I feel very comfortable where I'm at now and I have been shooting the best scores I've ever shot lately. Just recently got over some target panic that I dealt with last year... I had a problem with holding low but I worked every day to improve. Here I am now, As a night progresses I still get a little nervous and uneasy when my score is reflecting what some would say a good night(in competition) but I feel it's just nerves that will go with time.

But I am always open to constructive criticism as it can help me improve even more.

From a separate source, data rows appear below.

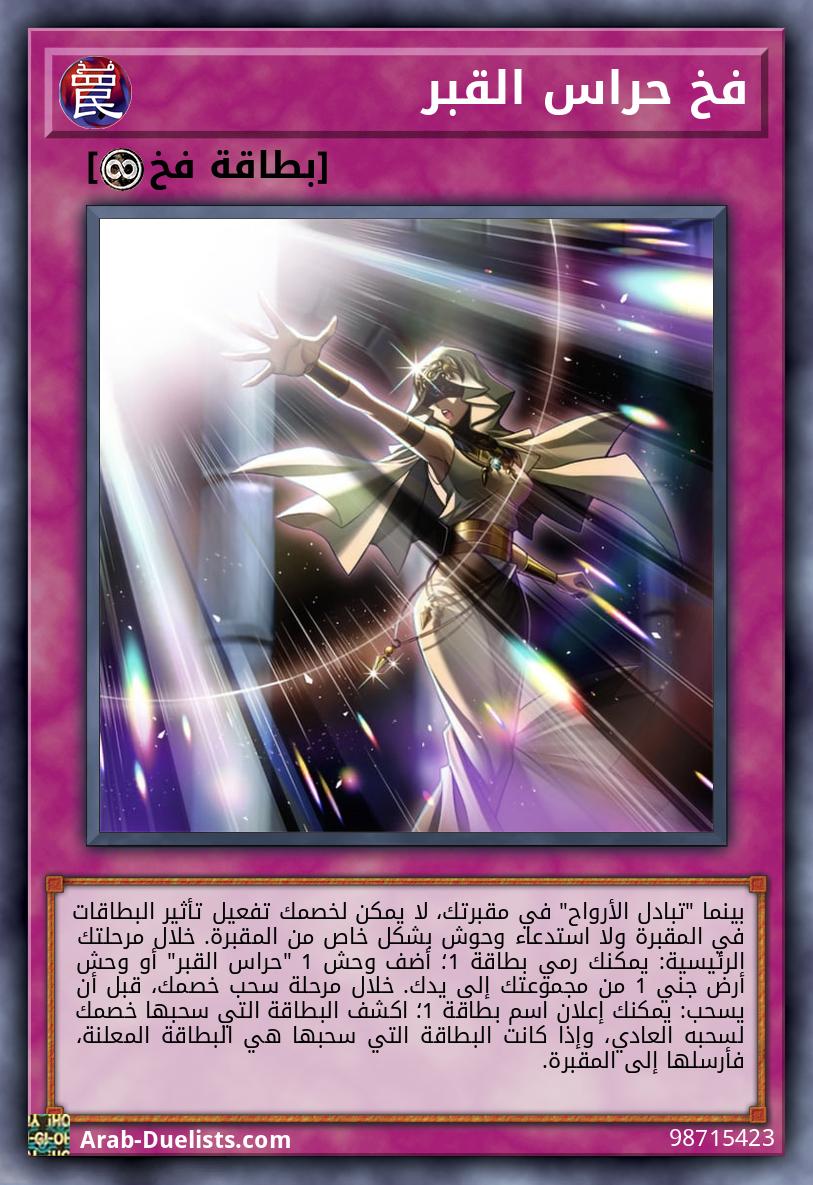 بينما "تبادل الأرواح" في مقبرتك، لا يمكن لخصمك تفعيل تأثير البطاقات في المقبرة ولا استدعاء وحوش بشكل خاص من المقبرة. خلال مرحلتك الرئيسية: يمكنك رمي بطاقة 1؛ أضف وحش 1 "حراس القبر" أو وحش أرض جني 1 من مجموعتك إلى يدك. خلال مرحلة سحب خصمك، قبل أن يسحب: يمكنك إعلان اسم بطاقة 1؛ اكشف البطاقة التي سحبها خصمك لسحبه العادي، وإذا كانت البطاقة التي سحبها هي البطاقة المعلنة، فأرسلها إلى المقبرة. |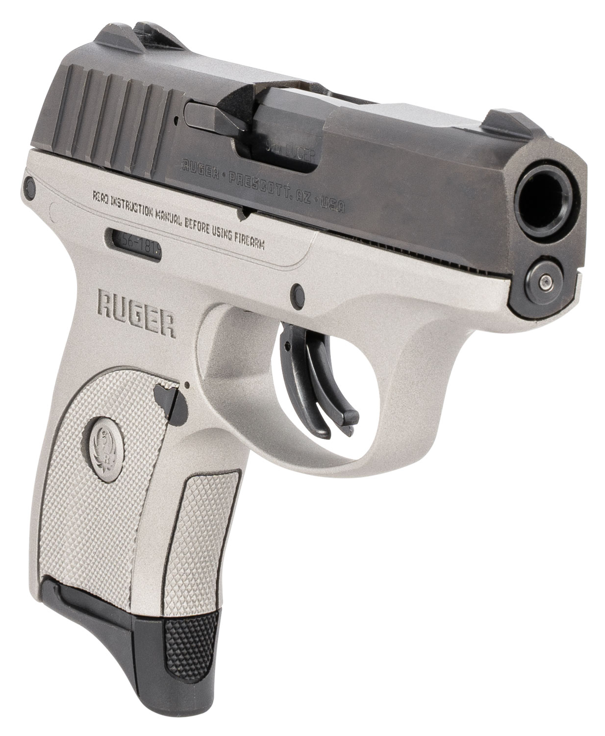 Ruger 3290 EC9s 9mm Luger Black Oxide Alloy Steel 3.12″ Barrel 7+1, Savage Silver Cerakote Glass-Filled Nylon Frame, Black Oxide Hardened Alloy Steel Slide, Manual Safety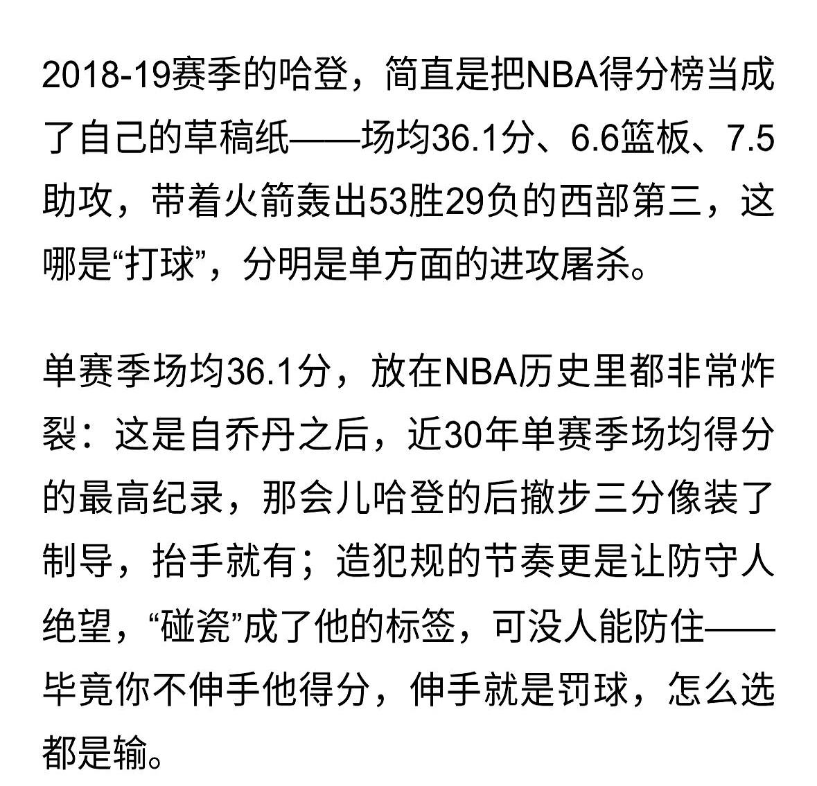 登峰造极!18-19赛季的哈登:把得分玩到天花板的 那时候保罗和卡佩拉都倒下了,他只能一个人扛着球队往前走,一场接一场地轰下高分,硬是把球队从西部倒数的位置拉了回来。 所以他把所有的进攻武器都用了出来,用那些不讲理的三分球为球队续命,也把自己燃烧成了那个赛季最耀眼的一道光。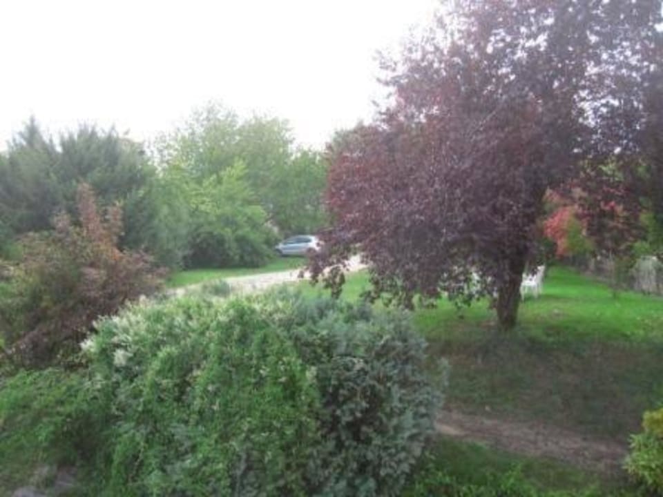 Gartenseite (Zi. Nr. 5) mit Parkplatz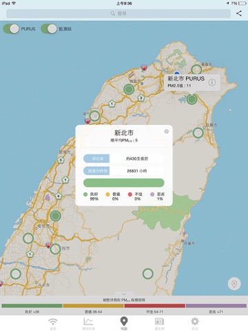 地圖:顯示各地監測站及PURUS PM2.5指數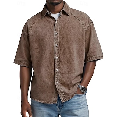 Herr Skjorta Button Down skjorta Casual skjorta Tvätta skjorta i 100 % bomull Svart Ljusgrön Rodnande Rosa Mörkgrön Purpur Kortärmad Slät Kavajslag Dagligen Utomhus Knappar Kläder Streetwear Ledigt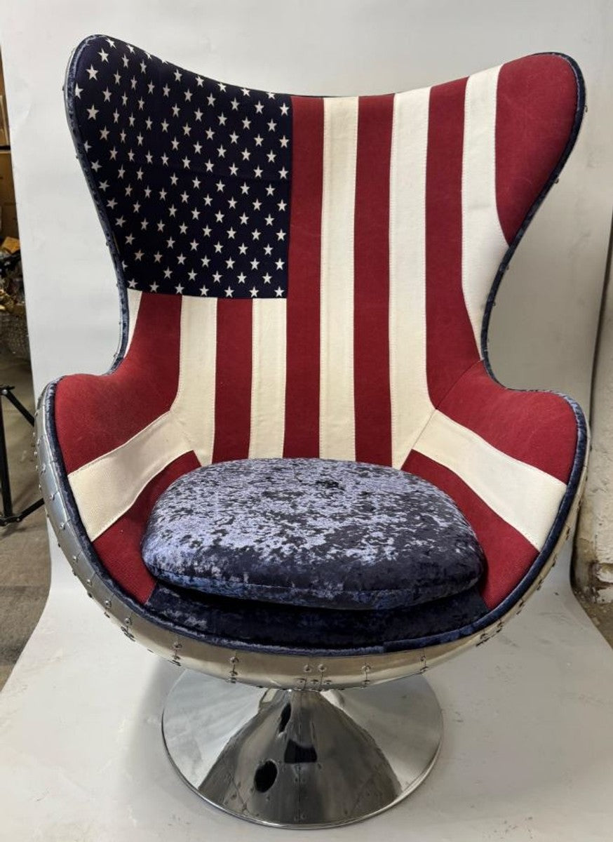 Aluminium Drehsessel Silber / USA Design - Aluminium Flugzeug Flieger Möbel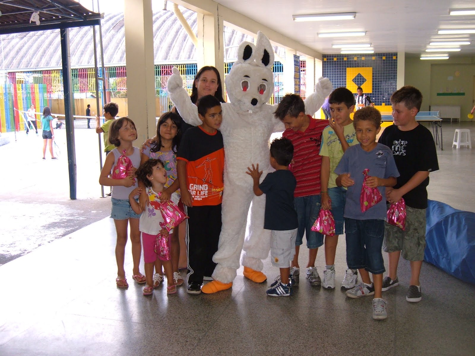 Neste domingo, o Coelhinho esteve presente, animando o dia da criançada, jovens, adultos e idosos também!!!!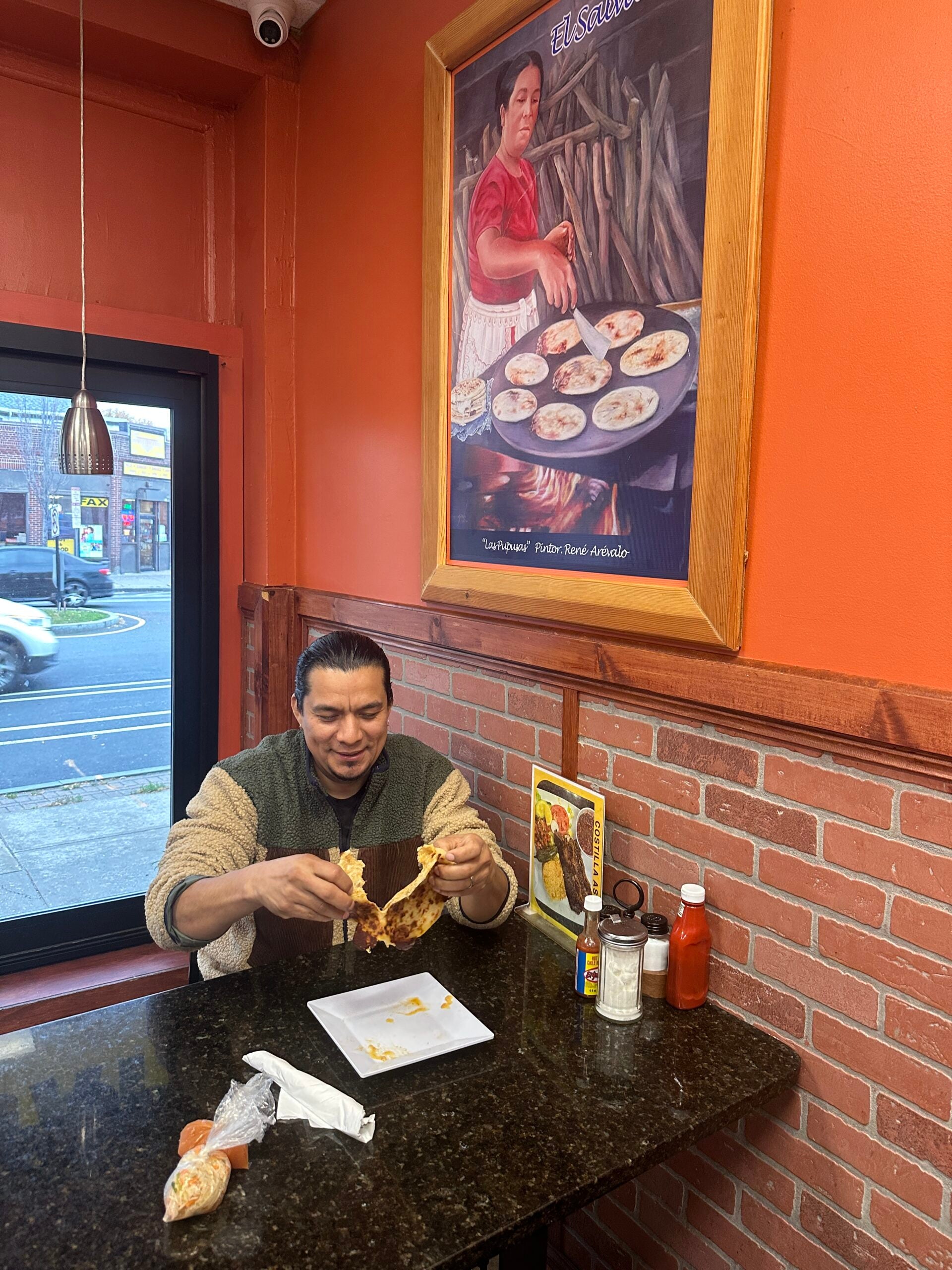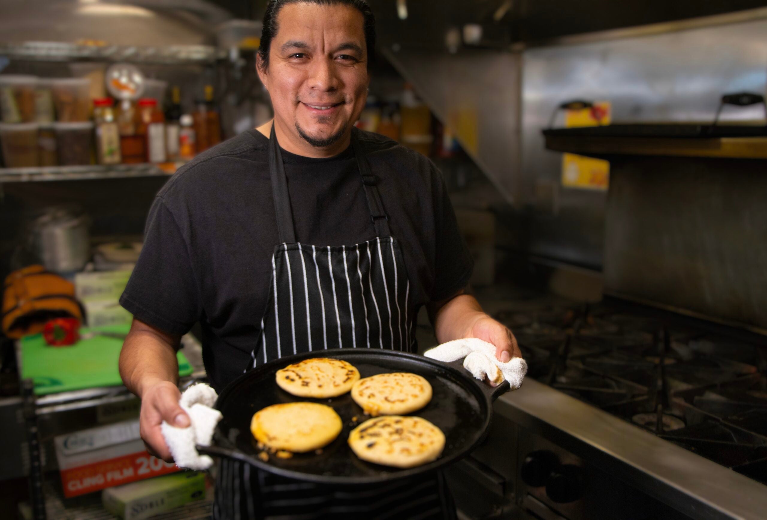 An employee at the restaurant overhears our conversation and shows us a video of a record-breaking 18-foot-wide pupusa from El Salvador’s Olocuilta Festival, held on National Pupusa Day in November. It’s a reminder for Orellana of why he started this journey.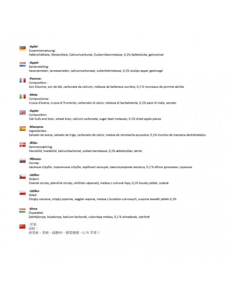 Golosina para caballos sabor manzana compuesta de ingredientes naturales. Bolsa de 750 g.

28" draw 28 1/4 to be exact.. 65 lb Elite Synergy


----------



## Bbd16 (Feb 13, 2013)

Just from the start ur leaning a mile backwards. Bow arm needs work. First thing hes gona tell ya is put on some shoes and get some tape on the wall. Get with nuts n bolts. Hell straighten u out


----------



## WildWilt15 (Oct 28, 2013)

Bbd16 said:


> Just from the start ur leaning a mile backwards. Gwt with nuts n bolts. Hell straighten u out


If you look at the carpet it appears My camera guy had the camera tilted ever so slightly. You may be right though!


----------



## WildWilt15 (Oct 28, 2013)

ttt


----------



## WildWilt15 (Oct 28, 2013)

Ttt again


----------



## WildWilt15 (Oct 28, 2013)

One more time.


----------